Unit pesawat TNI AU dikerahkan untuk padamkan kebakaran hutan dan lahan di Kalimantan. Dokumentasi Bakom RI
Lanud Abdulrachman Saleh Kirim 6 Pesawat Perkuat Penanganan Karhutla di Kalimantan
Whisnu Mardiansyah • 23 August 2026 18:39
Malang: Pemerintah menambah dukungan operasi udara untuk menangani kebakaran hutan dan lahan (karhutla) di Kalimantan. Lima pesawat TNI Angkatan Udara (AU) diberangkatkan dari Pangkalan Udara (Lanud) Abdulrachman Saleh, Malang, Jawa Timur, pada Jumat, 21 Agustus 2026.
Lima pesawat tersebut dikirim menuju Kalimantan Barat dan Kalimantan Timur untuk memperkuat operasi penanganan karhutla yang telah berjalan di sejumlah wilayah Kalimantan.
“(Diberangkatkan) menuju Kalimantan Barat dan Kalimantan Timur untuk memperkuat 30 armada BNPByang telah beroperasi di tiga provinsi di Kalimantan,” demikian dikutip dari akun Instagram @sekretariat.kabinet, Minggu, 23 Agustus 2026.

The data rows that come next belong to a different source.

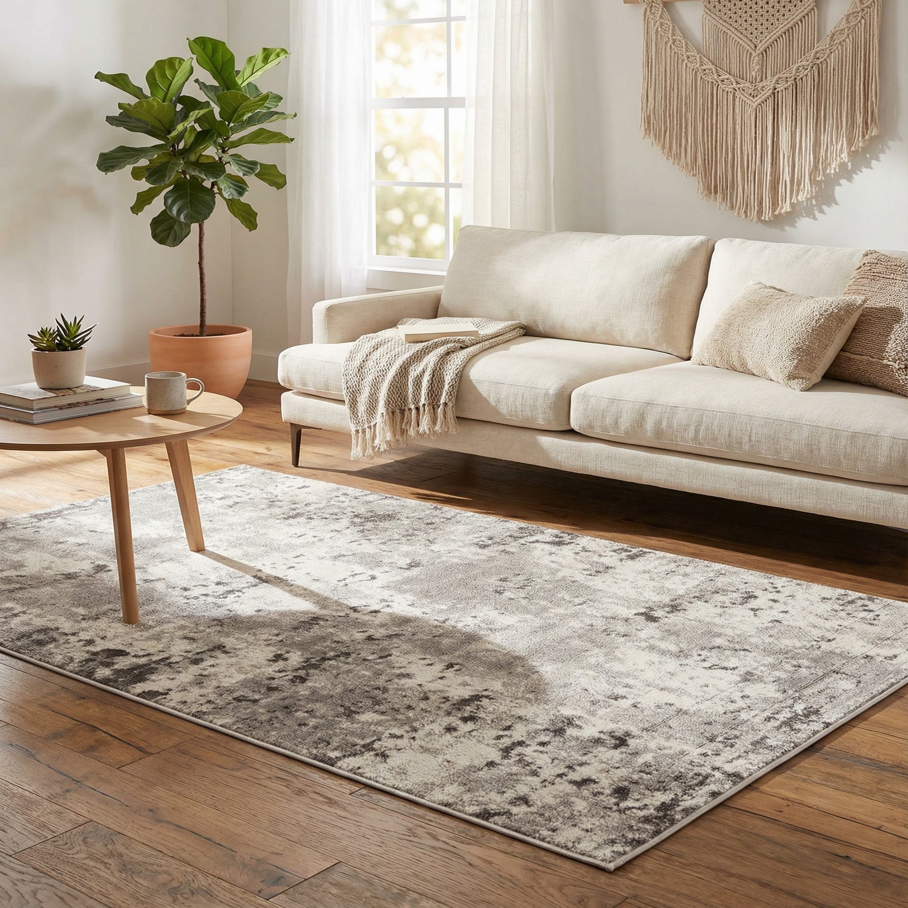 This neutral palette and artful distressing make the rug versatile for a range of interiors: place it in front of a sofa or beneath a small coffee table in a modern living room, layer it at the foot of a bed in a calming bedroom, or anchor a compact seating nook or home office. It pairs well with warm wood tones and cool metal accents, linen upholstery, and leather finishes, fitting into contemporary, transitional, or Scandinavian-inspired schemes.
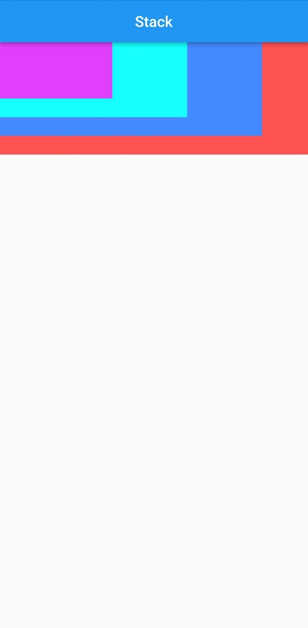 Stack은 단지 정해진 위치나 규칙 없이 위젯들을 배치만 하므로 Container들이 겹치는 것을 확인하실 수 있습니다.
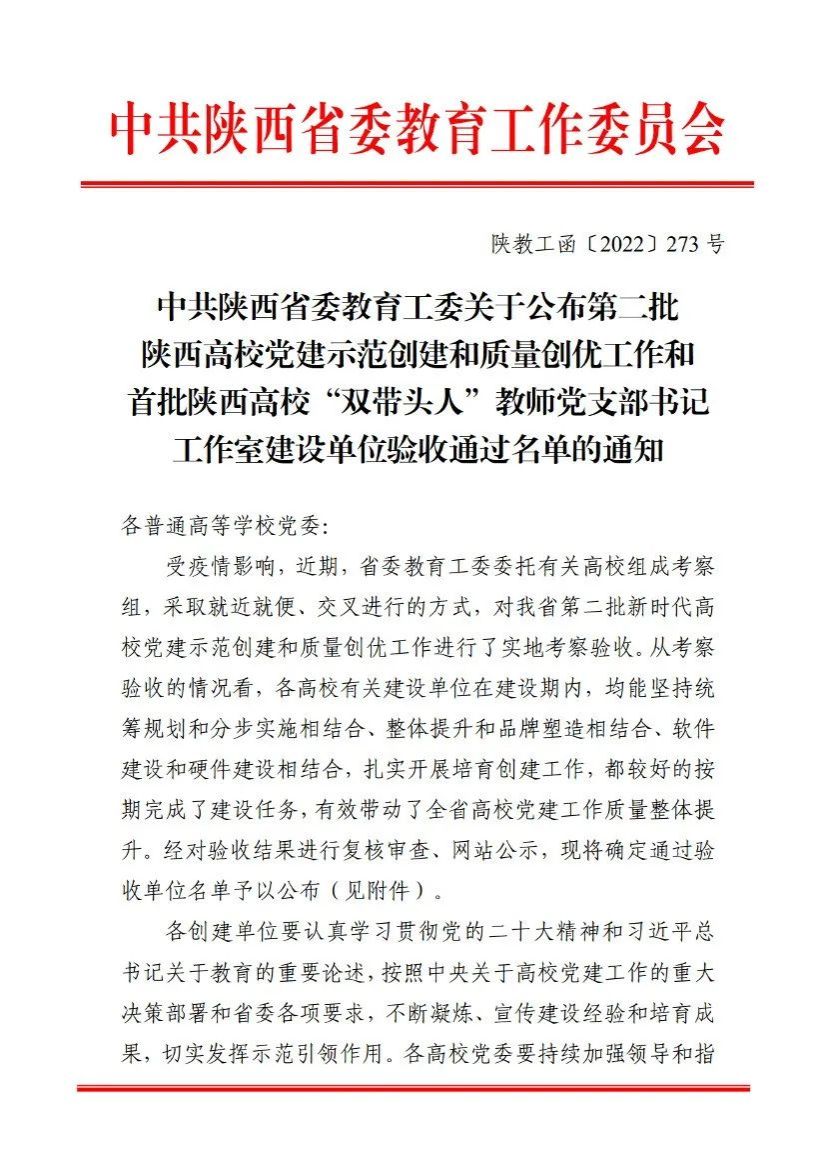近日,中共陕西省委教育工委发布《关于公布第二批陕西高校党建示范创建和质量创优工作和首批陕西高校“双带头人”教师党支部书记工作室建设单位验收通过名单的通知》,KY开元后勤集团第二党支部和第三青年社区第一学生党支部分别通过了“全国党建工作样板支部”和“全省党建工作样板支部”验收。学校后勤集团第二党支部围绕“七个有力”目标,以党政融合与协同创新为抓手,充分发挥党支部战斗堡垒作用,以提升组织力为重点,着力发挥政治引领,...

Selain mengirimkan lima pesawat, TNI AU menyiagakan sejumlah pesawat di Pangkalan Udara Halim Perdanakusuma, Jakarta. Armada tersebut disiapkan untuk digerakkan sesuai kebutuhan Badan Nasional Penanggulangan Bencana (BNPB) dan perkembangan kondisi di lapangan.
Baca Juga :
Operasi Darat Jadi Ujung Tombak Penanganan Karhutla 6 Provinsi di Kalimantan dan Sumatra
52 Pesawat Dikerahkan di Enam Provinsi
BNPB mencatat sebanyak 52 pesawat telah dikerahkan untuk mendukung operasi penanganan karhutla di enam provinsi yang memiliki potensi kebakaran tinggi. Enam provinsi tersebut terdiri atas Riau, Jambi, Sumatra Selatan, Kalimantan Barat, Kalimantan Selatan, dan Kalimantan Tengah.
“Dari jumlah tersebut, 30 pesawat beroperasi di wilayah Kalimantan dan 22 pesawat di wilayah Sumatra,” tulis akun @sekretariat.kabinet.
Penambahan armada udara menjadi bagian dari upaya pemerintah memperkuat penanganan karhutla. Operasi tersebut diarahkan untuk mendukung pemadaman, mengurangi dampak kabut asap, serta melindungi masyarakat dan lingkungan.
Plt. Kepala Pusat Data, Informasi, dan Komunikasi Kebencanaan BNPB, Berton SP Panjaitan, sebelumnya mengatakan dukungan operasi udara diperlukan untuk mempercepat penanganan dan mendukung pemadaman dari darat.
.jpeg)
Ilustrasi pemadaman kebakaran hutan dan lahan (karhutla). Dok. BNPB
"Selain penguatan satgas darat, BNPB juga melakukan penguatan penanganan karhutla melalui satgas udara di enam provinsi prioritas," ujar Berton.
Menurut Berton, wilayah Kalimantan masih menjadi salah satu fokus utama penanganan karhutla. Sejumlah kejadian kebakaran baru dilaporkan muncul, terutama di Kalimantan Timur.
BNPB meminta pemerintah daerah memperkuat kesiapsiagaan dalam menghadapi potensi karhutla. Langkah tersebut meliputi peningkatan pemantauan, deteksi dini, serta memastikan kesiapan sarana dan prasarana pemadaman.
Masyarakat juga diimbau meningkatkan kewaspadaan terhadap potensi bencana hidrometeorologi selama musim kemarau, terutama kebakaran hutan dan lahan.